= Activity =
Your answer should hold exactly the lines below from the line with "925 Ayar Gümüş" through the line with "Foto van skeletbladeren", both included, and no pictures at all.

= Given records =
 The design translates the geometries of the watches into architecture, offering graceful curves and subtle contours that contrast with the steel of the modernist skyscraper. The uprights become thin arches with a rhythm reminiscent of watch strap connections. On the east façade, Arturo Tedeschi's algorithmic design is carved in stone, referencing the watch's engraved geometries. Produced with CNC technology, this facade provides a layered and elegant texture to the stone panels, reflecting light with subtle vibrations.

---

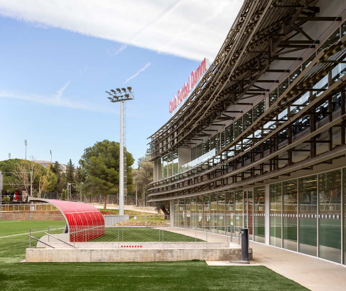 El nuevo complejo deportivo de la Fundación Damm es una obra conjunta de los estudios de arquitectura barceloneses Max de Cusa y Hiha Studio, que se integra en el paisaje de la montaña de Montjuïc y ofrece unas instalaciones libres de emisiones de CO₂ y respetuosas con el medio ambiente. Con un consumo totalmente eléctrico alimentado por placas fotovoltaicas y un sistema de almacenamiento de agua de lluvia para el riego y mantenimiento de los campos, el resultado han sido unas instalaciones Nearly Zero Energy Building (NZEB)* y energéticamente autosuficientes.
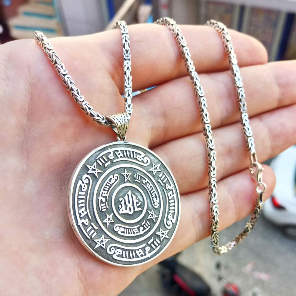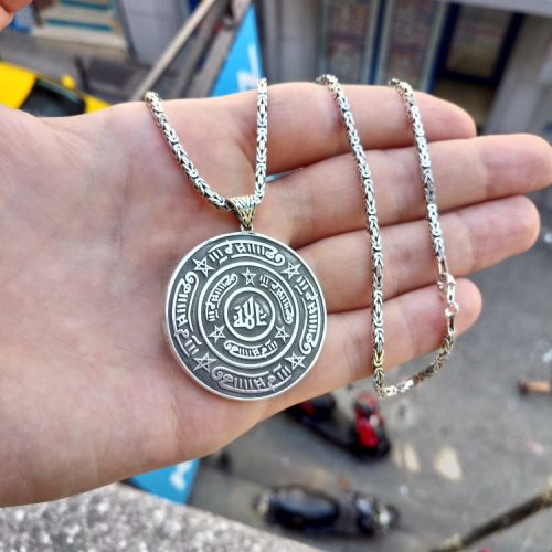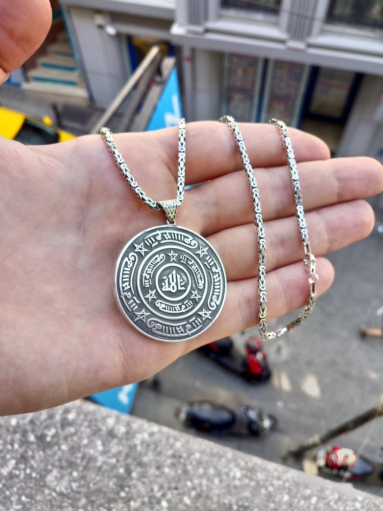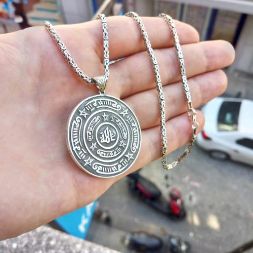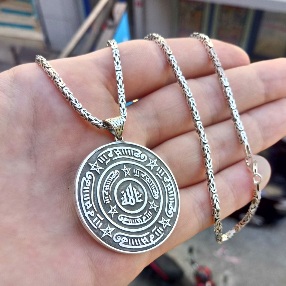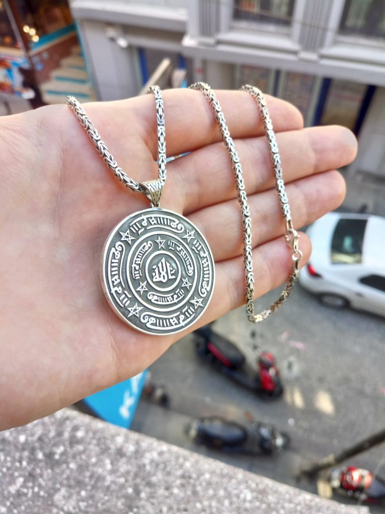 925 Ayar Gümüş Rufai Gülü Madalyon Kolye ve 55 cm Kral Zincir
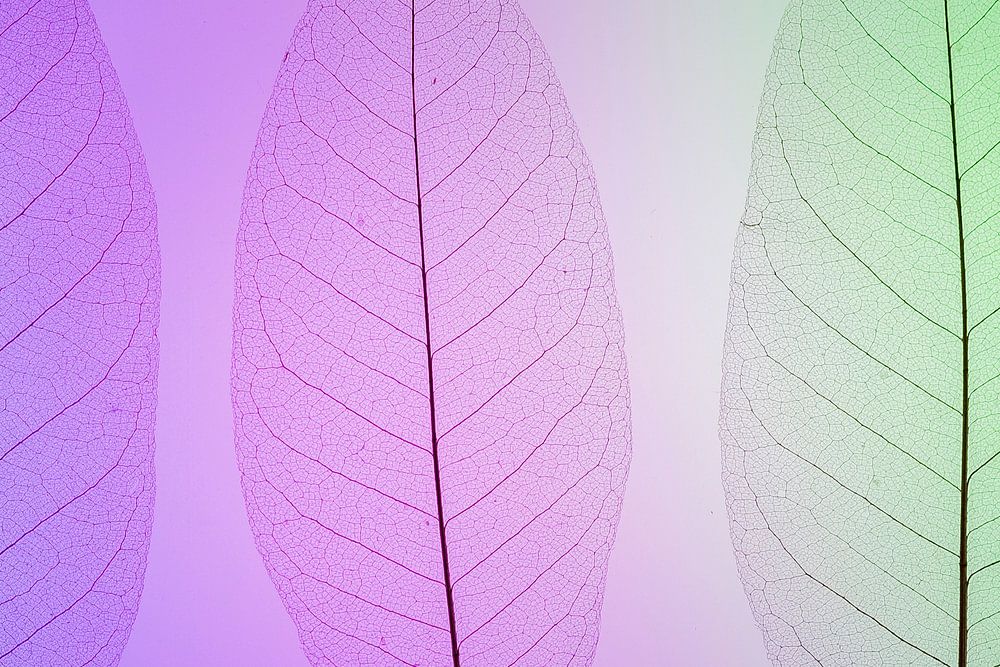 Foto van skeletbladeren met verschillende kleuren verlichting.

= Solution for this task =
 925 Ayar Gümüş Rufai Gülü Madalyon Kolye ve 55 cm Kral Zincir
 Foto van skeletbladeren met verschillende kleuren verlichting.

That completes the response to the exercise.